To find the volume of 0.100 M NaOH that corresponds to 0.0105 moles, we can use the equation:
Volume of NaOH = amount of NaOH / concentration of NaOH = 0.0105 moles / 0.100 mol/L = 0.105 L = 105.0 mL
Therefore, 105.0 mL of 0.100 M NaOH will react completely with 21.00 mL of 0.500 M HCl.
(b) For the reaction between HCl and Ba(OH)2, the molar ratio is 2:1, meaning that 2 moles of HCl react with 1 mole of Ba(OH)2. Therefore, the amount (in moles) of Ba(OH)2 needed to react completely with 0.0105 moles of HCl is 0.0105 / 2 = 0.00525 moles.
To find the volume of 0.0500 M Ba(OH)2 that corresponds to 0.00525 moles, we can use the equation:
Volume of Ba(OH)2 = amount of Ba(OH)2 / concentration of Ba(OH)2 = 0.00525 moles / 0.0500 mol/L = 0.105 L = 105.0 mL
Therefore, 105.0 mL of 0.0500 M Ba(OH)2 will react completely with 21.00 mL of 0.500 M HCl.

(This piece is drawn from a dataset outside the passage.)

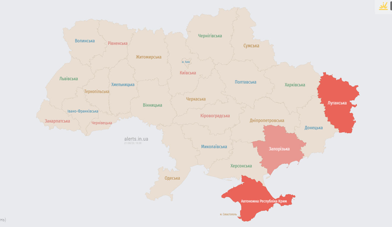 Наразі повітряна тривога оголошена лише в Запорізькій та Луганській областях.

(c) For the reaction between HCl and KOH, the molar ratio is 1:1, meaning that 1 mole of HCl reacts with 1 mole of KOH. Therefore, the amount (in moles) of KOH needed to react completely with 0.0105 moles of HCl is also 0.0105 moles.

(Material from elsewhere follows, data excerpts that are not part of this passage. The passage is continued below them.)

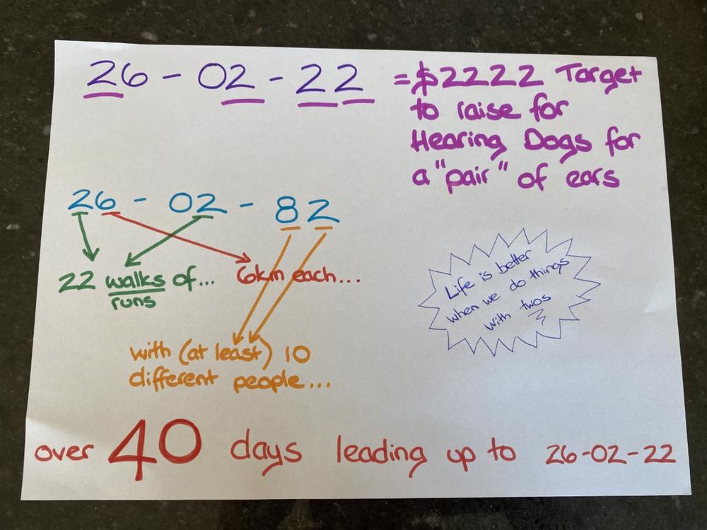 Raising $2222 for Hearing Dogs NZ for a "pair" of ears using the special numbers of 26, 2, 82 :)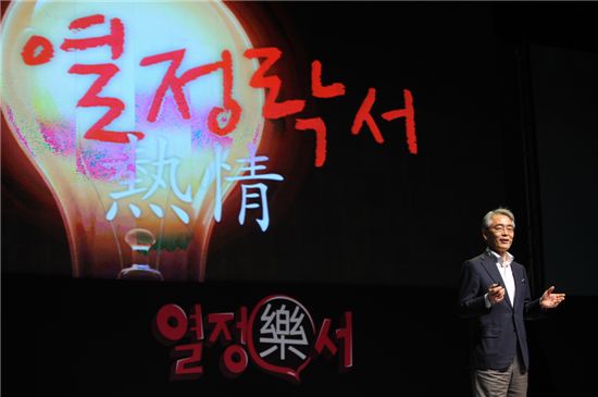 김낙회 제일기획 사장이 지난 22일 저녁 고려대 화정체육관에서 진행된 토크콘서트 열정樂서 시즌 2에서 대학생들을 대상으로 강연하고 있다.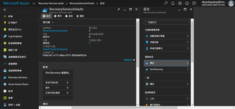 點選 Recovery Services … (服務)

To find the volume of 0.250 M KOH that corresponds to 0.0105 moles, we can use the equation:
Volume of KOH = amount of KOH / concentration of KOH = 0.0105 moles / 0.250 mol/L = 0.042 L = 42.0 mL
Therefore, 42.0 mL of 0.250 M KOH will react completely with 21.00 mL of 0.500 M HCl.